In this powerful exhibition, presented by the United Nations Development Programme, seven photographers — Solmaz Daryani, Felipe Fittipaldi, Josh Haner, Johnny Miller, Hannah Reyes Morales, Muhammed Muheisen, and Ami Vitale — capture vastly different perspectives of the world, but establish a common theme: The world's poorest populations are affected first and greatest by climate change, and ironically contribute the least to global warming.

Sumaya Agha, the photo coordinator at the United Nations Development Programme who helped to organize this exhibition, spoke with BuzzFeed News about the photographs and the powerful message behind them:

For the United Nations Development Programme, addressing inequality and climate change is a priority. Since we are at a critical stage for both issues, we decided to do an exhibition that would focus on the need to address the issues and hope that they come across in a tangible way so that the viewers will see the need to take action.

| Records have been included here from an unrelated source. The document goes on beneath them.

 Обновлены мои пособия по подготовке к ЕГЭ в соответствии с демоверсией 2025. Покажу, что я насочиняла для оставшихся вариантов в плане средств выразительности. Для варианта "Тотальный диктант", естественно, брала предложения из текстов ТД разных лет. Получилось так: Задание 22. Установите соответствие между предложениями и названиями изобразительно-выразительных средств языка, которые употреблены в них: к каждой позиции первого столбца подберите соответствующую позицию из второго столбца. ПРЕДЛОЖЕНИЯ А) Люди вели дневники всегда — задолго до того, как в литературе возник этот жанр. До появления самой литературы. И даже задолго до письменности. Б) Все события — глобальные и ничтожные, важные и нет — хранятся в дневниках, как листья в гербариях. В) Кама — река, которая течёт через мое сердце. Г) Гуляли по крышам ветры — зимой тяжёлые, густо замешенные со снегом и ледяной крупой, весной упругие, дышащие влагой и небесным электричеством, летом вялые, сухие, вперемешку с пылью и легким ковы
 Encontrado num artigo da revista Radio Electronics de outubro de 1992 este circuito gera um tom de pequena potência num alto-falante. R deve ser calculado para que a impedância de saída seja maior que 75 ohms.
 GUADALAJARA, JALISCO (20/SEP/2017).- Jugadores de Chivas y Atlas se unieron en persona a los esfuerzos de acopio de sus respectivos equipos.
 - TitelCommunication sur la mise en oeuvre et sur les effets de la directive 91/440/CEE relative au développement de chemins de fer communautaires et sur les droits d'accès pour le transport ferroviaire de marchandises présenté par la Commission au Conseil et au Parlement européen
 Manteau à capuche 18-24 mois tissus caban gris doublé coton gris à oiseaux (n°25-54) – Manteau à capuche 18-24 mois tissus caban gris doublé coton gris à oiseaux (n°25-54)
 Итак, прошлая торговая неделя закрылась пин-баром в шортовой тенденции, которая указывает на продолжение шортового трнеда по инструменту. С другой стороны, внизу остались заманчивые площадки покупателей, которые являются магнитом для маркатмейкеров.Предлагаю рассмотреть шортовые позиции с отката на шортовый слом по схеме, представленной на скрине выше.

I went on a search for projects from around the globe so that we can also show that this is a global issue. We found Felipe Fittipaldi in Brazil, where he had been documenting the town of Atafona, which has been affected by a combination of water mismanagement and the exacerbation of climate change causing erosion.

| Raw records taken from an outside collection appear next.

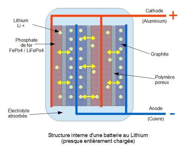 Lorsque la batterie se charge, les ions Lithium migrent dans l’électrolyte pour venir s’insérer dans la structure carbone de l’électrode négative alors que l’électrode positive (LiFePo4) s’appauvrit en lithium pour ne laisser que la structure cristalline FePo4. Inversement, durant la décharge, les ions lithium quittent la structure carbone de l’électrode négative, migrent dans l’électrolyte et reviennent s’insérer dans la structure cristalline de l’électrode positive pour reformer LiFePo4.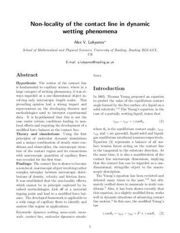 Lukyanov, A. V. (2022) Non-locality of the contact line in dynamic wetting phenomena. Journal of Colloid and Interface Science, 608 (2). pp. 2131-2141. ISSN 0021-9797 doi: 10.1016/j.jcis.2021.10.155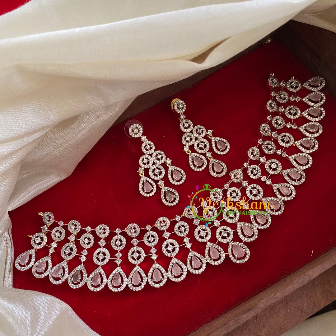 Peach Layered American Diamond Bridal Choker-Short Neckpiece–GOLD TONE imitation jewellery set; Comes with a pair of similar danglers.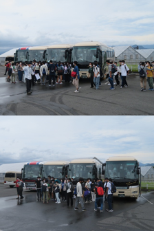 バスは昼食場所であるフルーツパークに到着し、食事会場で昼食を摂りました。午後からの活動に向けてしっかり食べていました。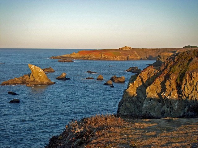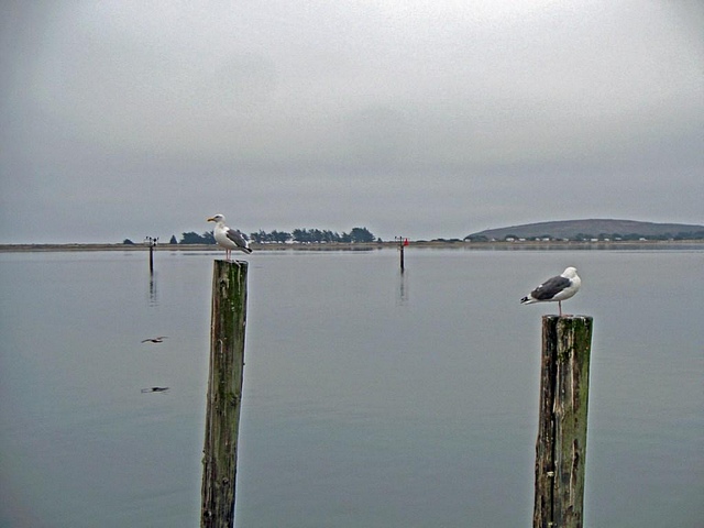 At Jenner, the Russian River flows from the redwood forests and spreads out just before pushing through the sand bar protecting its mouth, and empties into the sea. Beyond Jenner, we passed Russian Gulch, climbed a switchback road to the top of the bluff. We saw the offshore buoy,
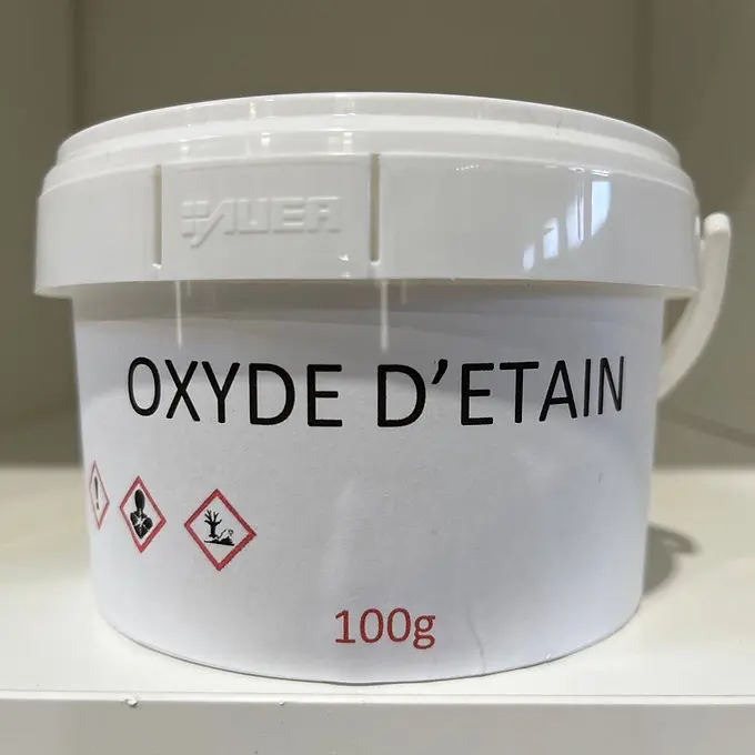 L’oxyde d’étain est un composé céramique précieux utilisé pour ses propriétés de coloration et de brillance dans l’art de la poterie et de la céramique.

In Kenya, Ami Vitale has been documenting animal conservation for years, working with conservation organizations trying to protect endangered animals. There’s a connection between climate change and how it affects the communities that live in the same area as the endangered animals.

In all of these stories, it's [people living in poverty] who suffer the most at the expense of climate change, and [they] are the least responsible for its effects. Hannah Reyes Morales’s project from the Philippines is a really good example of that. For the fishing communities in the Philippines that she documented, their ways of life are disappearing as the fish population is depleting and their homes are being swept away. Their lifestyles are completing changing and they’re being forced to relocate and find new ways of making a living.

There’s so many things that we can do to help change this. People can be much more thoughtful about the way they go about their lives. In a lot of communities and societies, we’ve gotten into a habit of being rather wasteful, but if you think about recycling, it’s not that long ago that nobody ever thought about recycling. We’ve since been able to integrate recycling into our lifestyle.

I’m not an expert on climate change — but what the experts do tell us is that climate change can be stopped, but to do that we have to take action now. We need to use less plastic, be more proactive about carbon emissions, and just be less wasteful. I want people to come away from this exhibition with an awareness that inequality and climate change are at critical states and that we need to address them globally.